◆ **ACTIVITY**
Reproduce exactly the lines of this material that begin at the line with "(5)两脚突然伸直腰部及下腹" and end at the line with "Neutral Zone is", both included. Omit the pictures and everything else.

◆ **SUPPLIED MATERIAL**
+ + +

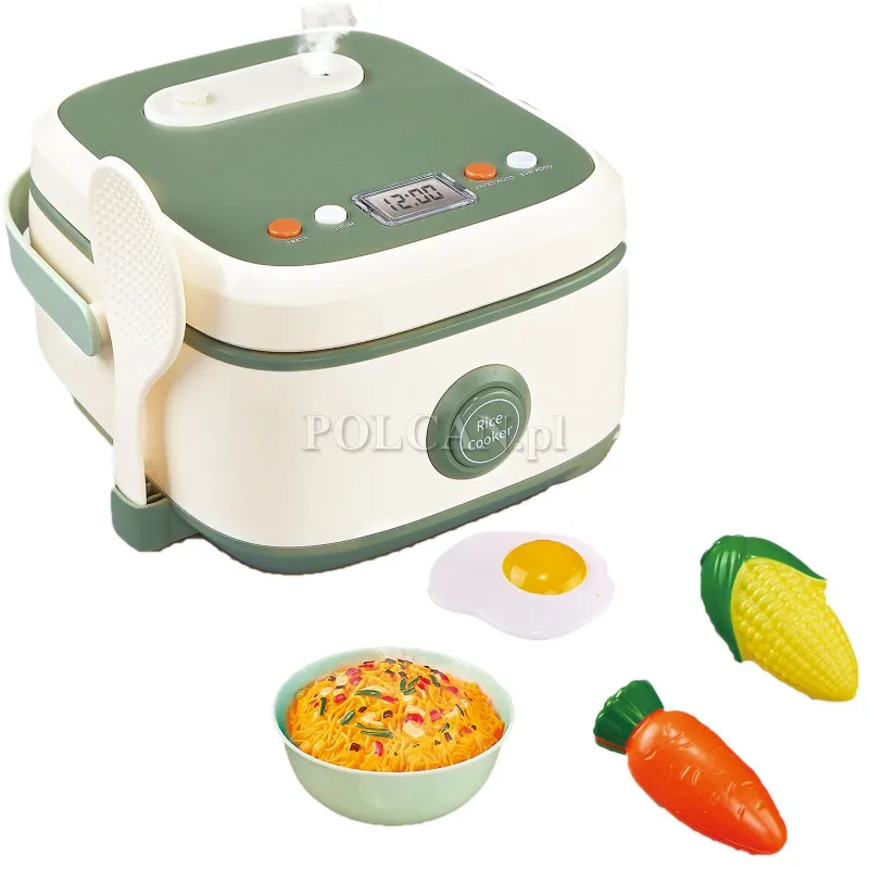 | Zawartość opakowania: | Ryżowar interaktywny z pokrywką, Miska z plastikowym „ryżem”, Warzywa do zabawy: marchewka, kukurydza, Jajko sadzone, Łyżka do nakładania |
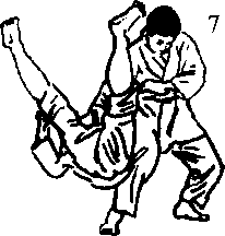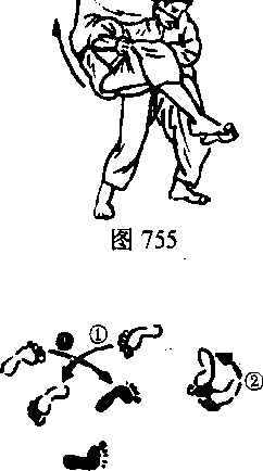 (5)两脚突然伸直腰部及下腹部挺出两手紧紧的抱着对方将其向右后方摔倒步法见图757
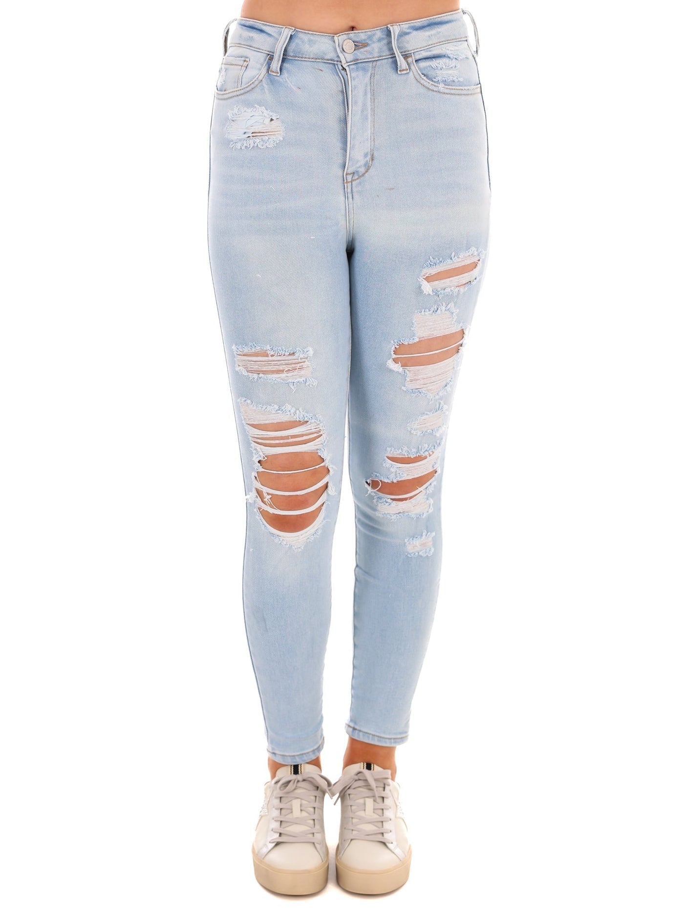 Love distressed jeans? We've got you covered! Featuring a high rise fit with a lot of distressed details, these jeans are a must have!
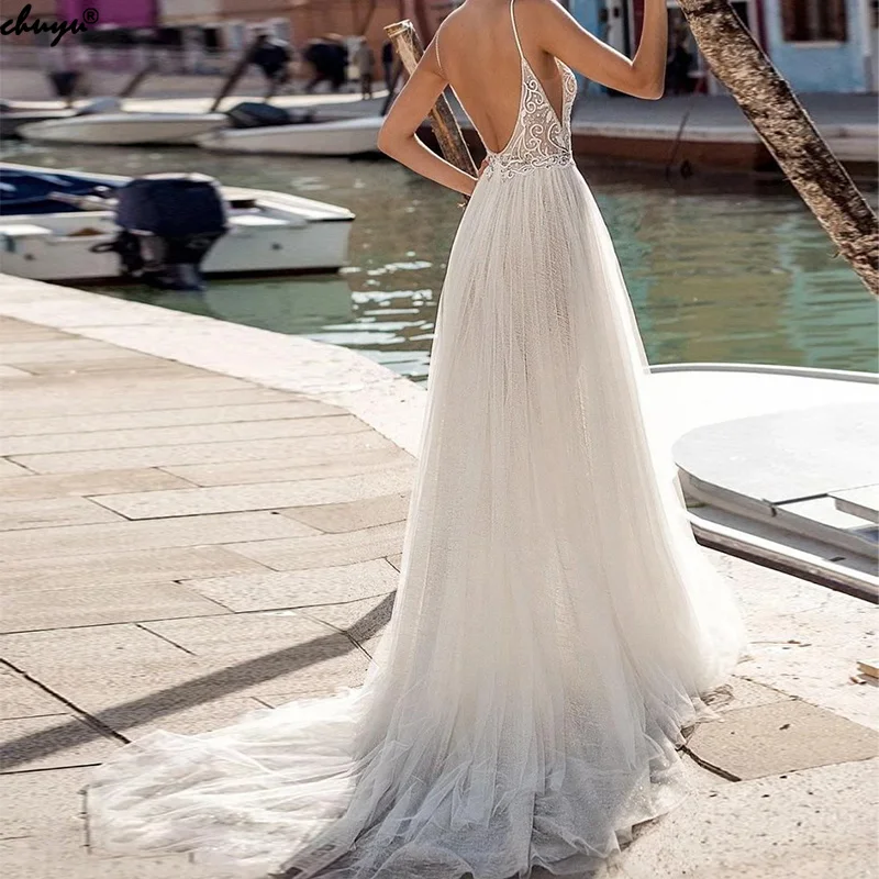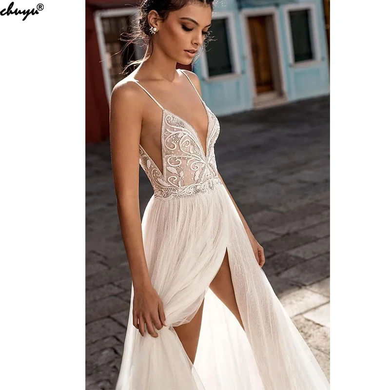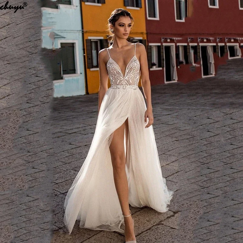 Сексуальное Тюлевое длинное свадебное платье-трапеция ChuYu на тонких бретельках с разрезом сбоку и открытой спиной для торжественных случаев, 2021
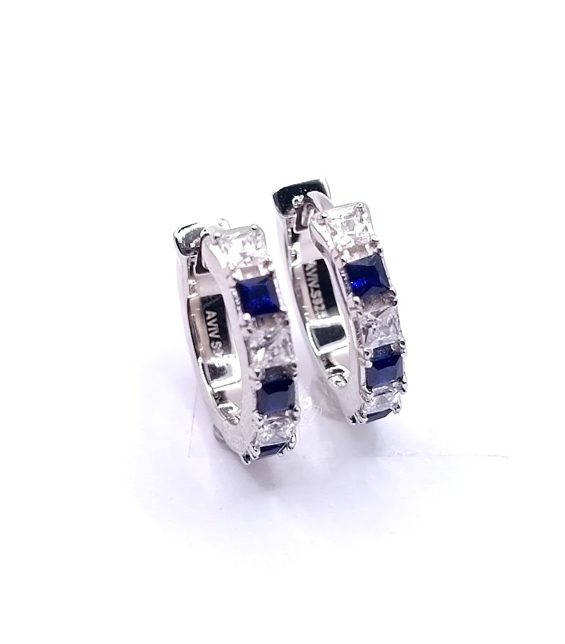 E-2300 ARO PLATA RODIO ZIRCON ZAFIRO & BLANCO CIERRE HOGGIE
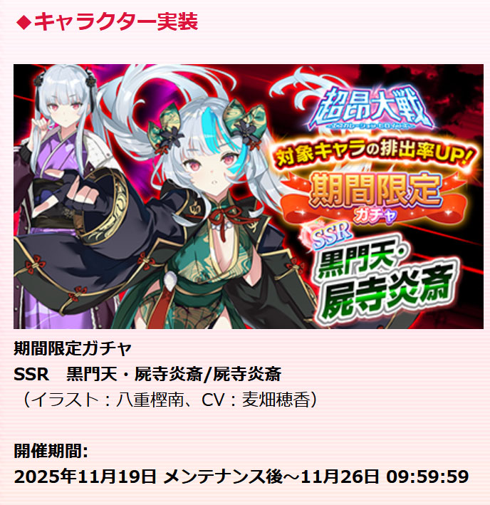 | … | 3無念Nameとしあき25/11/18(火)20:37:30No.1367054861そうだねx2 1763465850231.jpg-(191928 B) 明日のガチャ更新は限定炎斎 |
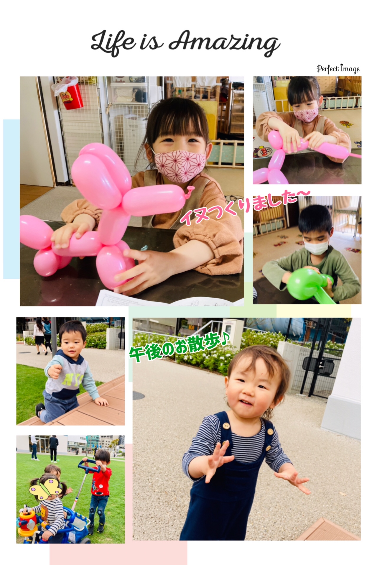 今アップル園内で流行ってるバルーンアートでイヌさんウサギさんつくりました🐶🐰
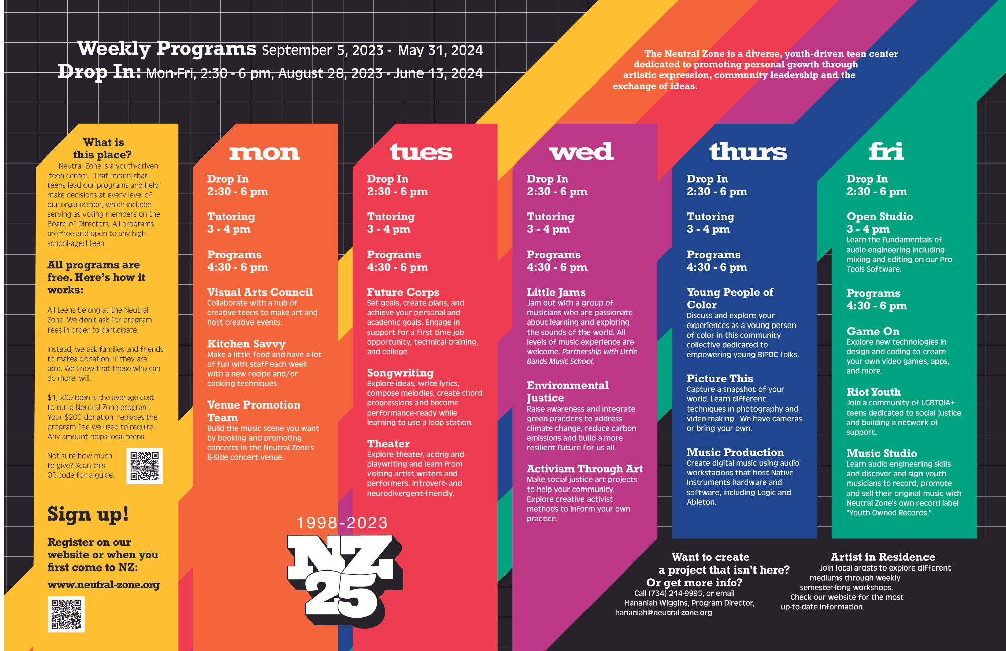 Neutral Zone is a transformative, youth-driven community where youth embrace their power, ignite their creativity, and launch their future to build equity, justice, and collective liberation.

+ + +

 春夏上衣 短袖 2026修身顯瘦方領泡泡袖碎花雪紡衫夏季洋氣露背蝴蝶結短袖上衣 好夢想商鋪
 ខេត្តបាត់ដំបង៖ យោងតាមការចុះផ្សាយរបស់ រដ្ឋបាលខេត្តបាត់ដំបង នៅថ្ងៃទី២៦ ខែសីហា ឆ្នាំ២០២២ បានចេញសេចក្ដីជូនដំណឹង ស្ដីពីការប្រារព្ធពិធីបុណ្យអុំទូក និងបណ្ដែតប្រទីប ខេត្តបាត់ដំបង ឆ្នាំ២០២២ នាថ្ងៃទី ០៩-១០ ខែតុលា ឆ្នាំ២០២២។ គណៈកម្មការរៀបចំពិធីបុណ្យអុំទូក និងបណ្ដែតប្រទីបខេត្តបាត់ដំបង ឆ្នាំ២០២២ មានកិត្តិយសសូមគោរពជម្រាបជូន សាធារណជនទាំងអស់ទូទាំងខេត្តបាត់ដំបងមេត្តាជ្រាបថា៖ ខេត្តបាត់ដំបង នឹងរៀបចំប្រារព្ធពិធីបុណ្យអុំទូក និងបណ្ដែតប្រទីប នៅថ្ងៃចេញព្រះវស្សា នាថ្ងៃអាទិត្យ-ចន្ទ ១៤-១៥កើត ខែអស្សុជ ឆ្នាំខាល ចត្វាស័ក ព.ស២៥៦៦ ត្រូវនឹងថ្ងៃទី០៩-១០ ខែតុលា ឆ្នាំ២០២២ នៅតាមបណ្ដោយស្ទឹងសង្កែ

+ + +

◆ **SOLUTION TO THIS EXERCISE**
 (5)两脚突然伸直腰部及下腹部挺出两手紧紧的抱着对方将其向右后方摔倒步法见图757
 Love distressed jeans? We've got you covered! Featuring a high rise fit with a lot of distressed details, these jeans are a must have!
 Сексуальное Тюлевое длинное свадебное платье-трапеция ChuYu на тонких бретельках с разрезом сбоку и открытой спиной для торжественных случаев, 2021
 E-2300 ARO PLATA RODIO ZIRCON ZAFIRO & BLANCO CIERRE HOGGIE
 | … | 3無念Nameとしあき25/11/18(火)20:37:30No.1367054861そうだねx2 1763465850231.jpg-(191928 B) 明日のガチャ更新は限定炎斎 |
 今アップル園内で流行ってるバルーンアートでイヌさんウサギさんつくりました🐶🐰
 Neutral Zone is a transformative, youth-driven community where youth embrace their power, ignite their creativity, and launch their future to build equity, justice, and collective liberation.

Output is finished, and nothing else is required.